Task
For this exercise, an exact copy is needed of only the lines from the one containing "Las horas dispuestas" through the end of the data, with pictures left out.

#### Data segment ####

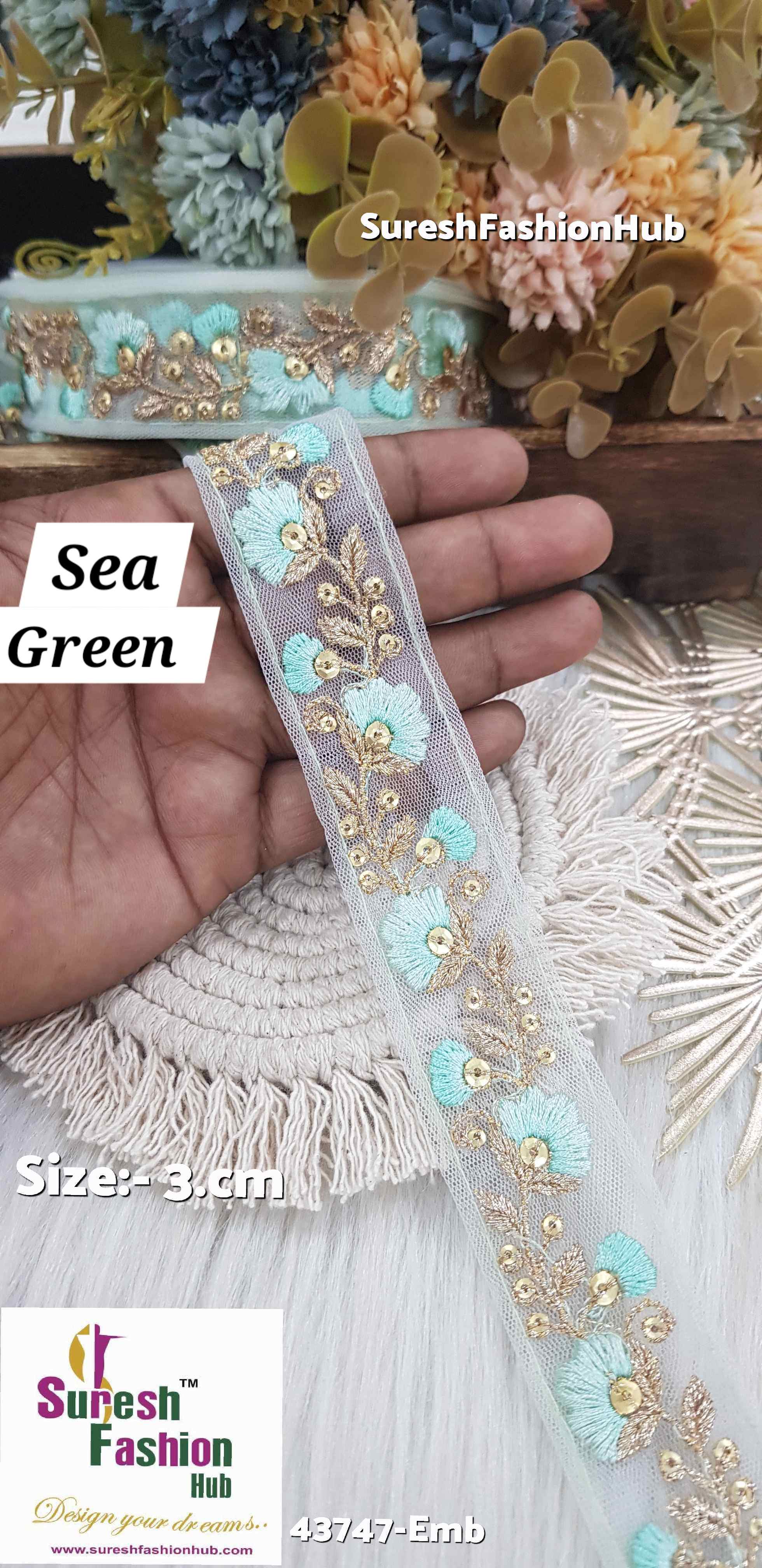 Indulge in the enchanting beauty of our Embroidery Lace collection - 43747-Emb. Crafted on delicate net fabric, each lace showcases a mesmerizing floral pattern embellished with threads, sequence, and shimmering jari. Available in four captivating colors - Sea Green, Rose Gold, Dark Pink, and Blue - these laces add a touch of elegance and charm to any project. Elevate your designs with the exquisite beauty of these intricately crafted laces, priced at Rs 300 for a generous 9-meter roll.
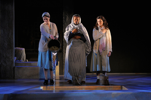 L to R: After the death of Nawal’s grandmother, Nawal (Marjan Neshat, right), her mother, Jihane (Jacqueline Antaramian, left), and village midwife Elhame (A.C.T. Master of Fine Arts Program graduate Omozé Idehenre) participate in a traditional burial ceremony, in the West Coast premiere of Wajdi Mouawad’s Scorched, playing at the American Conservatory Theater through Sunday, March 11, 2012. Photo by Kevin Berne.
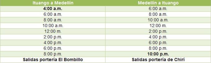 Las horas dispuestas en ampliación de las caravanas quedan así: una a las 4:00 a.m. en el sentido Ituango-Medellín y otra a las 10:00 p.m. en el sentido Medellín-Ituango.
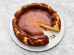 A deeply caramelised, crustless cheesecake with a softly set, custardy centre. Rich but not heavy, gently tangy and finished with that signature burnt top - intentionally rustic, beautifully simple, and best served chilled or at room temperature.

####

Result of this task
 Las horas dispuestas en ampliación de las caravanas quedan así: una a las 4:00 a.m. en el sentido Ituango-Medellín y otra a las 10:00 p.m. en el sentido Medellín-Ituango.
 A deeply caramelised, crustless cheesecake with a softly set, custardy centre. Rich but not heavy, gently tangy and finished with that signature burnt top - intentionally rustic, beautifully simple, and best served chilled or at room temperature.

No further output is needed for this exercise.